How Is A Common Cold Different Than A Common Flu And Can A Warm Drink Actually Treat The Symptoms?
Posted Feb 11 2009 2:58pm
How You Can Tell the Difference Between an Everyday Cold and the Normal Flu
The average cold and the flu are both respiratory illnesses, but they are caused by uncommon types of viruses. Flu ailments normally come on unbelievably fast (within 3-6 hours) and involve a fever, sore muscles, dry cough, and extreme lethargy. A common cold symptoms are less severe and a person will have a congested and runny nose, productive cough, slight tiredness, and limited body soreness.

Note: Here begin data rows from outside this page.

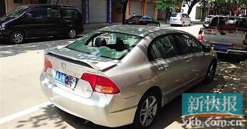 ■江门恩平市恩城美华西路被砸轿车。受访者供图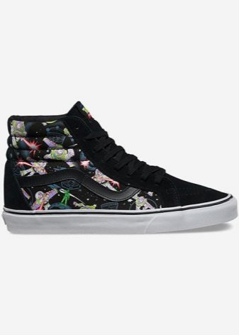 The basis for this model was the series of cartoons "Toy Stories". This is an updated high top with black suede and canvas tops. On the whole surface - images of one of the main characters - Lightyear Base (Svetika).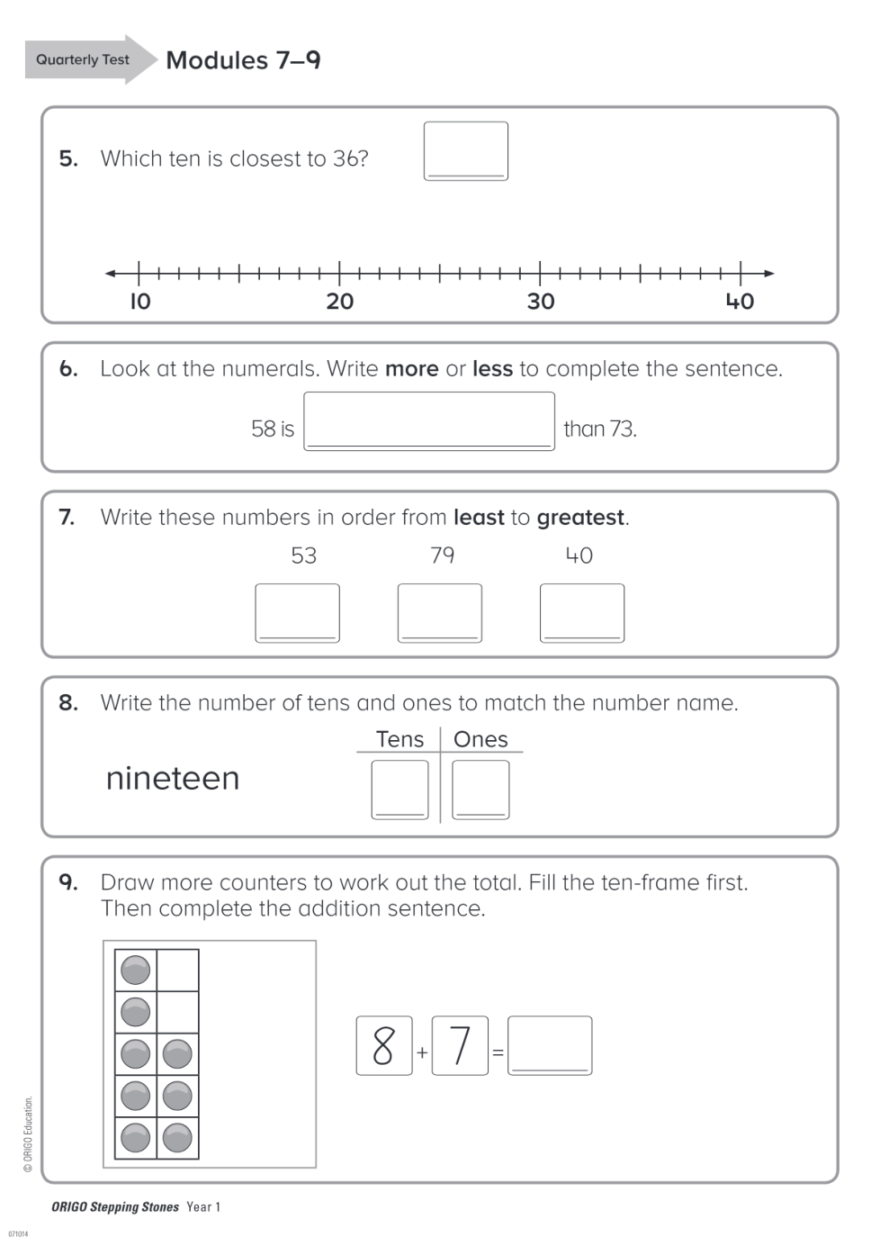 Geraldton PS Year 1 Term 3 Quarterly Test

Can A Warm Liquid Honestly Help Treat The Symptoms?
Like ice cubes for a sunburn or hard candies for a cough, a cup of hot tea with lemon and honey is an age-old remedy for nasal congestion, sneezing and a cough.

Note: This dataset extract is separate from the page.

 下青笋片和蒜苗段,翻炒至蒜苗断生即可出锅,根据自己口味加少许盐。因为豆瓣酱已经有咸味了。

Hot soups, it is said, help loosen mucous in the chest and sinuses, making them easier to expel and ultimately clearing up chest congestion. The beverages are also meant to reverse dehydration.
But only recently have researchers examined whether or not the effect is real. In December, researchers at the Common Cold Center at Cardiff University in Britain looked at whether hot fluids helped to relieve the ailments of 30 persons suffering from the average flu or an average cold any better than fluids at room temperature. They found that the contrast was distinctive.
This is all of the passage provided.